• Directions
Each line below from the "AI generated photo" line through the "유연한 원사로 골을 형성하며" line, those two included, must be restated word for word; the pictures must not be.

• Material shown
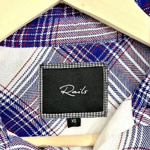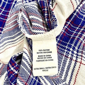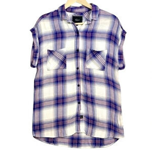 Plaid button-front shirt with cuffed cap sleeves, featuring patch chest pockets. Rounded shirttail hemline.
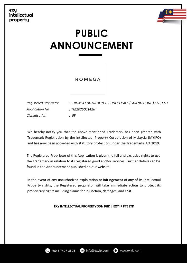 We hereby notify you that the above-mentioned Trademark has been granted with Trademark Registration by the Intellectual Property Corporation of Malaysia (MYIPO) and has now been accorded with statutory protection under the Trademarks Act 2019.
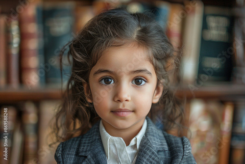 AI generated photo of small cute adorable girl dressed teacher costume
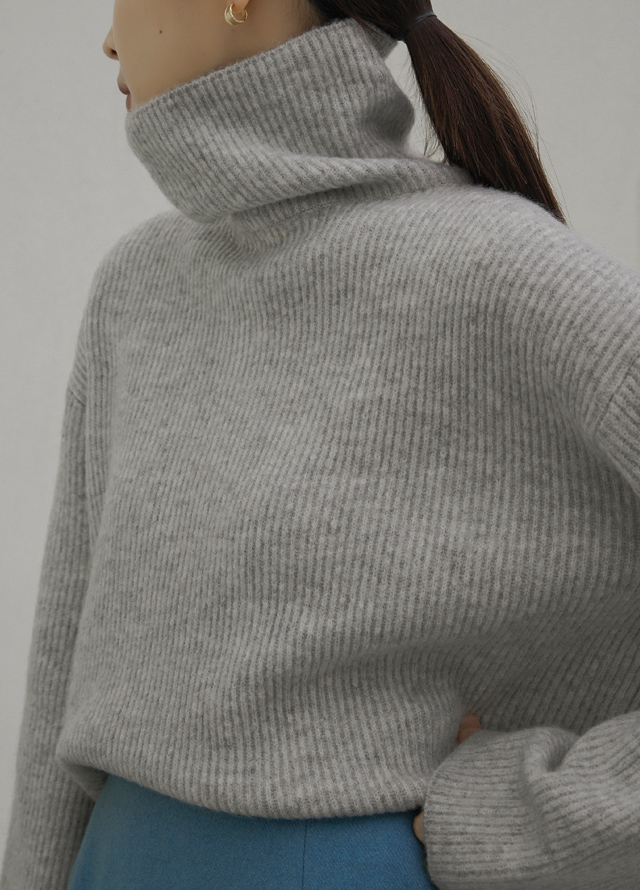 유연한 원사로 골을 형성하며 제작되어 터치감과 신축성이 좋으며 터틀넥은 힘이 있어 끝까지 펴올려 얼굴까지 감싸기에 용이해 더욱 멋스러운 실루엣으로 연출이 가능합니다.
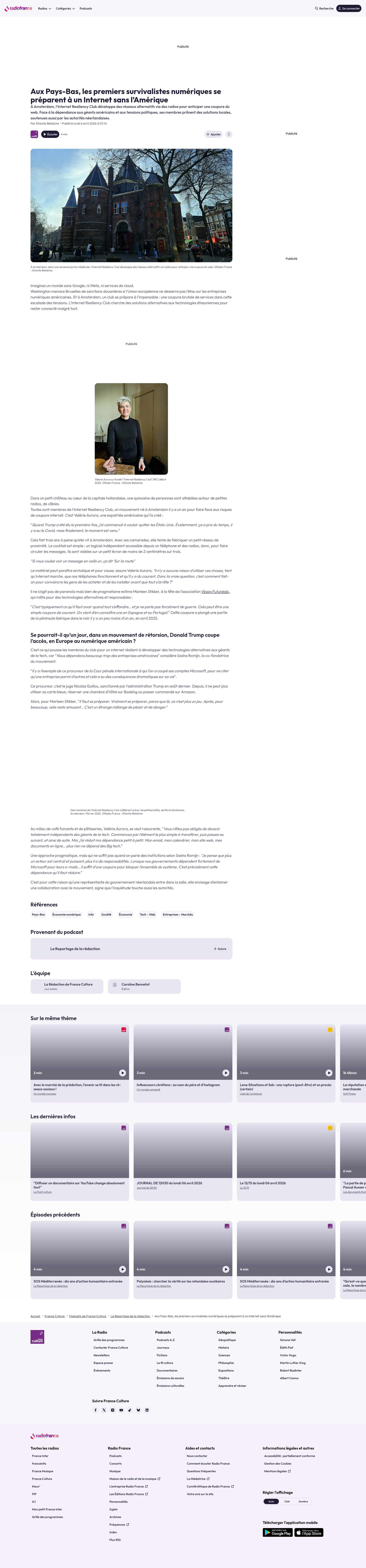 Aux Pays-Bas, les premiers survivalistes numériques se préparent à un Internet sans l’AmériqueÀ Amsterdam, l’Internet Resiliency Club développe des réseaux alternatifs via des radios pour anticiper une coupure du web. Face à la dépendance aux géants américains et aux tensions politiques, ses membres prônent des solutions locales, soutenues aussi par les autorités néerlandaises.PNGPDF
---
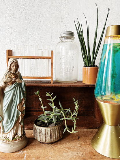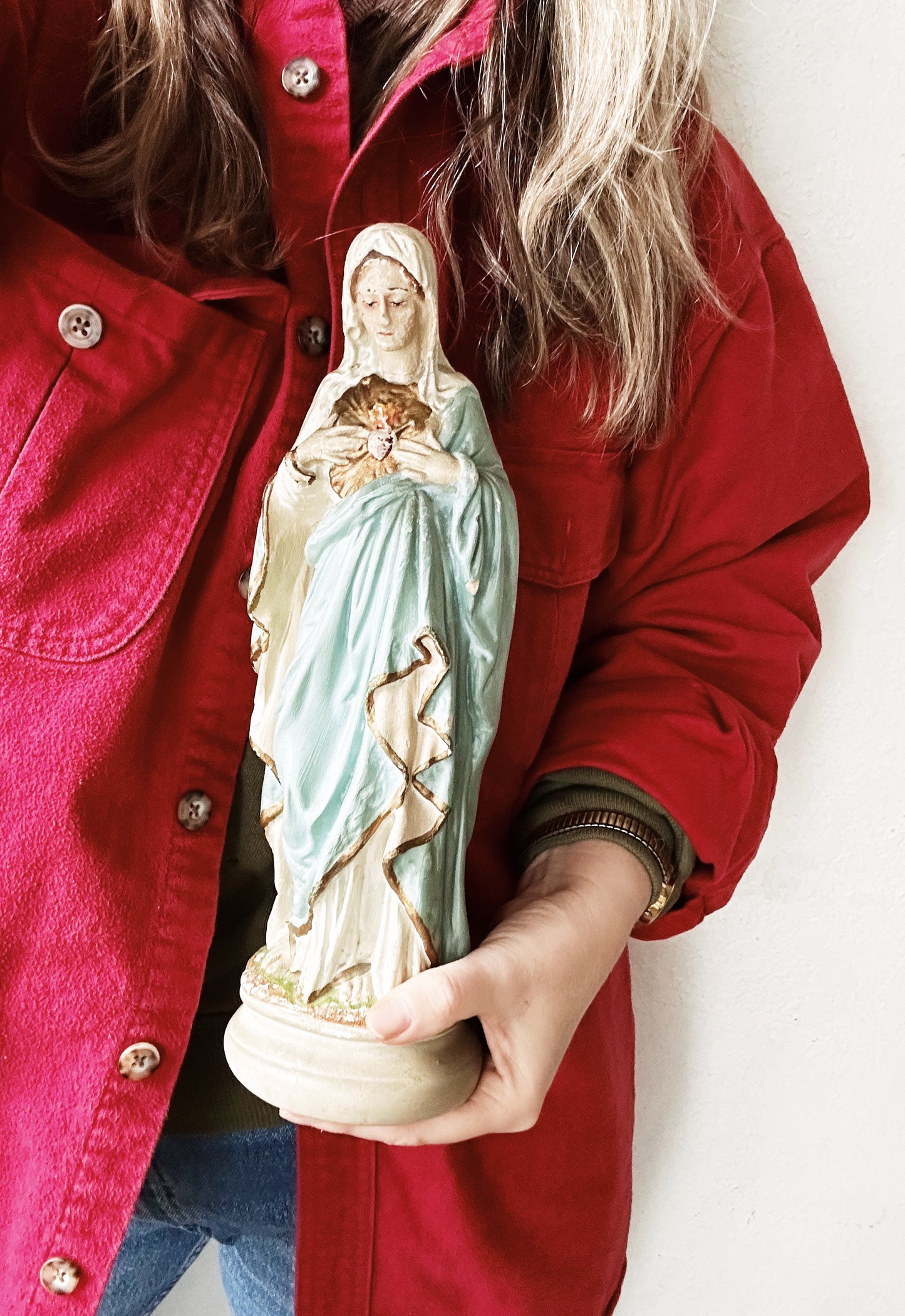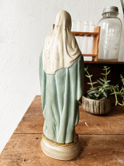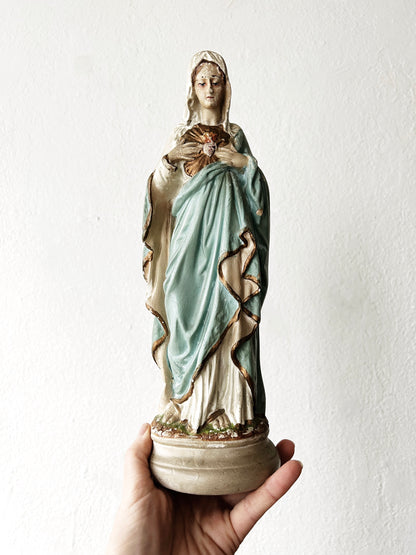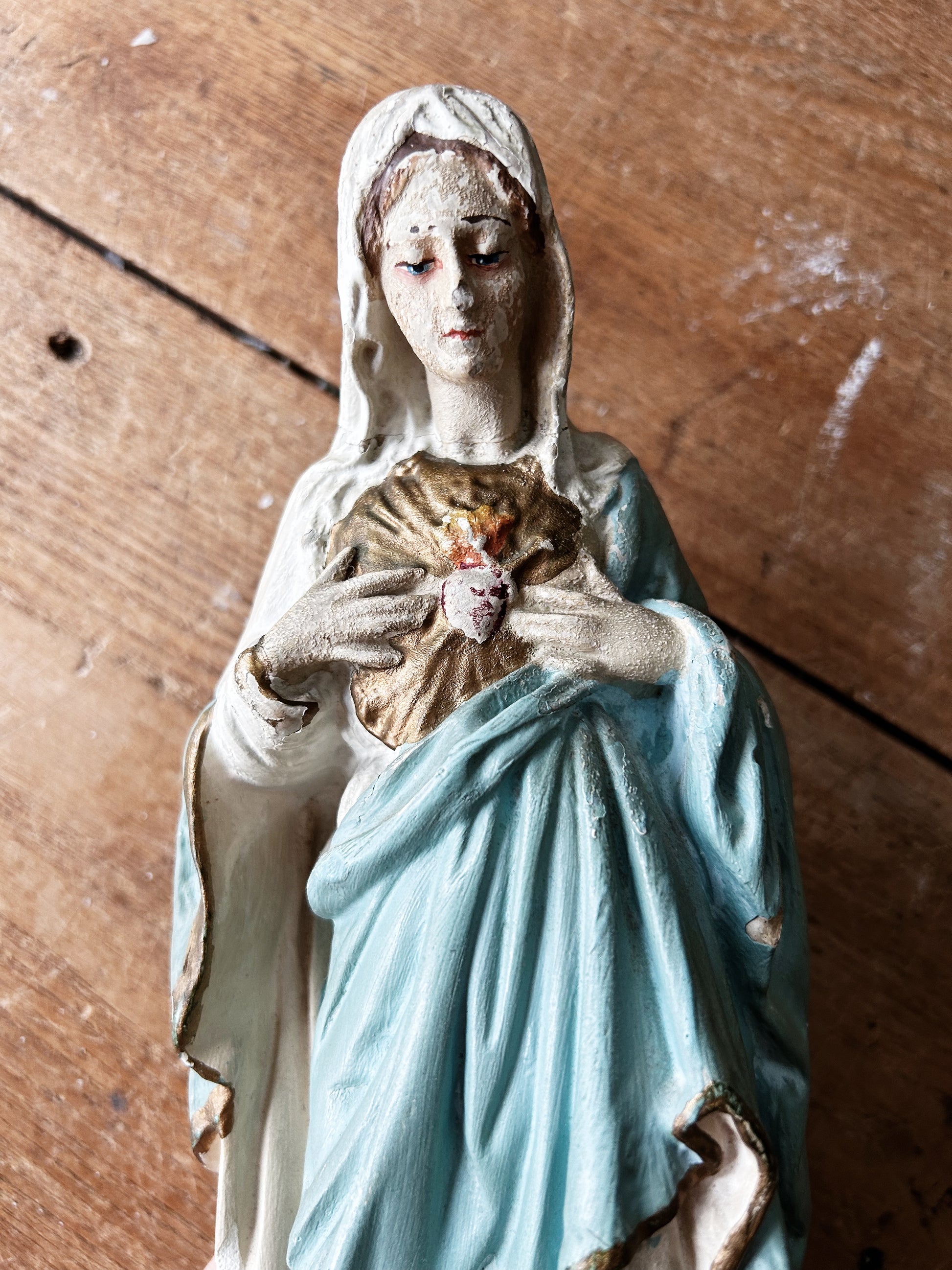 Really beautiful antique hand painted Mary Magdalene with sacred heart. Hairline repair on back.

• Final answer
 AI generated photo of small cute adorable girl dressed teacher costume
 유연한 원사로 골을 형성하며 제작되어 터치감과 신축성이 좋으며 터틀넥은 힘이 있어 끝까지 펴올려 얼굴까지 감싸기에 용이해 더욱 멋스러운 실루엣으로 연출이 가능합니다.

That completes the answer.